I started my boarding journey at Pymble in 1984, and at the time I was completely oblivious to what my parents had given up sending my three brothers and I to boarding school. It is something we don’t realise until the time comes to send our own children.
I always knew I was going to Pymble. Maybe this is the reason why I don’t remember being homesick or having a good cry until about Term 3. Sport was always my escape. I played hockey, tennis, cricket and did athletics, and if I was playing sport, I was self-content.
I was in Goodlet House and in those days we sometimes slept on the veranda.
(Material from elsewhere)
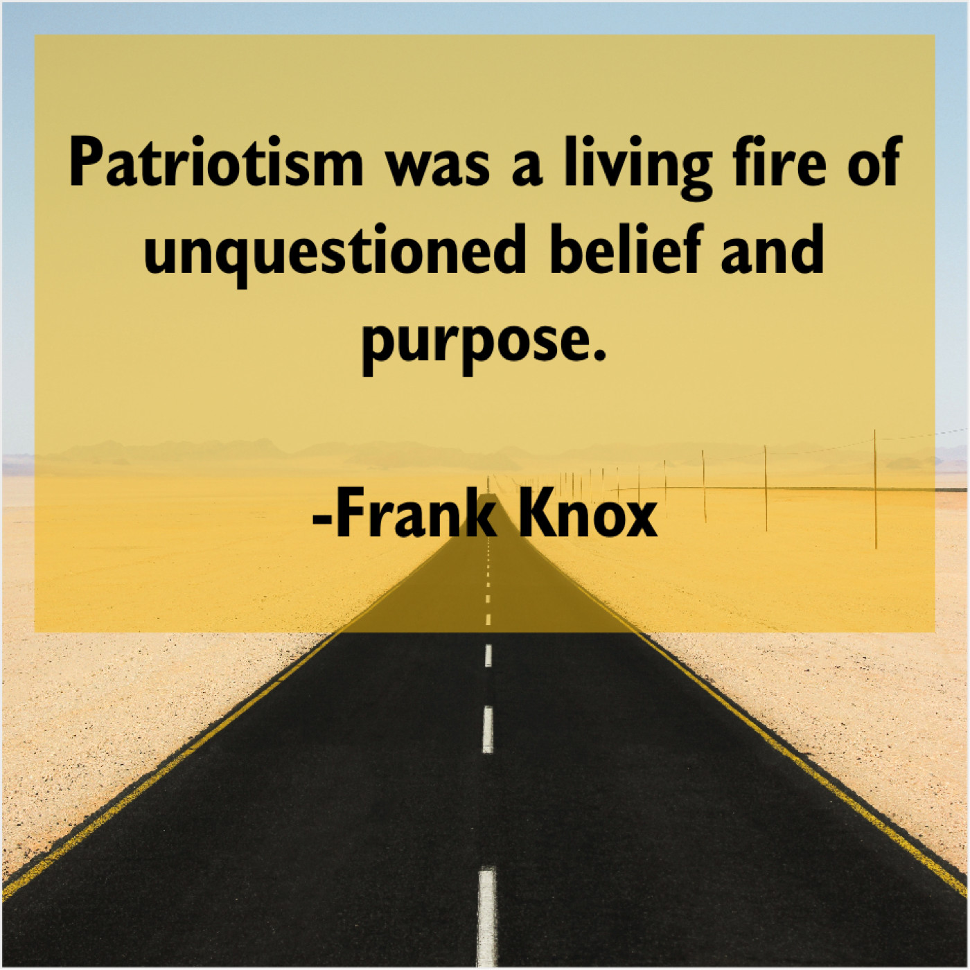 Frank Knox Frank Knox – Patriotism was a living fire… March 5, 2019 admin “Patriotism was a living fire of unquestioned belief and purpose.”-Frank Knox

I remember the veranda was left open except for when it rained, mind you it was not desirable to have a bed near the edge as rain invariably found its way through the gaps of the canvas blinds. But this was considered normal at the time, and no one complained.
We ate in same dining room the girls eat in today, but I remember there was a table up the front on a stage from where Headmistress, Miss Buckham, Head of Boarding, Miss Ollerenshaw and other mistresses would eat and look down on all of us.
The food was awful in my time compared to the delicious meals the girls receive today, and I have to say the gorgeous house mistresses that care for the girls today are exceptional compared to my day where pastoral care did not exist.
After school, I went off to study at Sydney University where I completed a Bachelor of Agricultural Economics Honours while living on one of the college’s campuses. I loved my university days and everything they had to offer.
I met my husband shortly after university, and it’s a rather corny story. I was a bridesmaid for my old school friend, Megan McAlpine, and my husband-to-be was a groomsman for Megan’s new husband.
We did not marry for another ten years as I was too busy chasing my career. In that time, I also spent a year travelling overseas through Africa and Europe. I am a believer that if you are meant to be together, things will work out, and you shouldn’t live to regret not doing something.
I ended up working in the grain industry for 20 years in trading and management roles. This was a heavily male-dominated industry but to this day some of my best friends are those I made during my time living in Sydney.
During this time in 2003, I moved to Moree with my husband-to-be so he could return to his family farm. We had also started buying up our own land a few years earlier. We went on to have two gorgeous boys and a treasured girl in a four-year window. Having grown up with the freedom of being in the country, I would not have wanted to bring up my children anywhere else. Life was good.
But it was not all sunshine and roses. In 2011, my eldest son, aged five, fell ill with a disease known as aplastic anaemia and required chemotherapy and a bone marrow transplant. Fortunately, it was quite a miracle that his little brother happened to be a perfect match.
It was a difficult period having to take things one day at a time while missing our other two children who had to live away from us whilst we spent several months in Sydney. People often say how unlucky we were – his condition affects approximately one in 500,000 people.
But we did not have time to wallow, nor have we ever felt unlucky. In fact, despite our challenges, we have always felt lucky. Our child survived and today he is a thriving teenager in perfect health who carves up the rugby field.
These difficult times taught us a few key lessons that will stay with us forever. Firstly, that life is not always fair. Secondly, that there is always someone worse off than you, and lastly, adults have a lot to learn from children and the way they approach adversity.
Today, my husband and I are still farming in Moree whilst I do boardroom work which I love the challenge of. My three children are at boarding school at Shore and Pymble.
My daughter Alex (aka Cabbage) only started boarding this year in Year 7. It was pretty much a forgone conclusion that she, like her mother and great aunty, would go to Pymble. I can picture the look of horror on both of their faces had I not sent her there.
Like me, Alex always knew she was going to boarding school and has taken it in her stride. I look at all the opportunities Pymble offers today and quite often think to myself how lucky she is.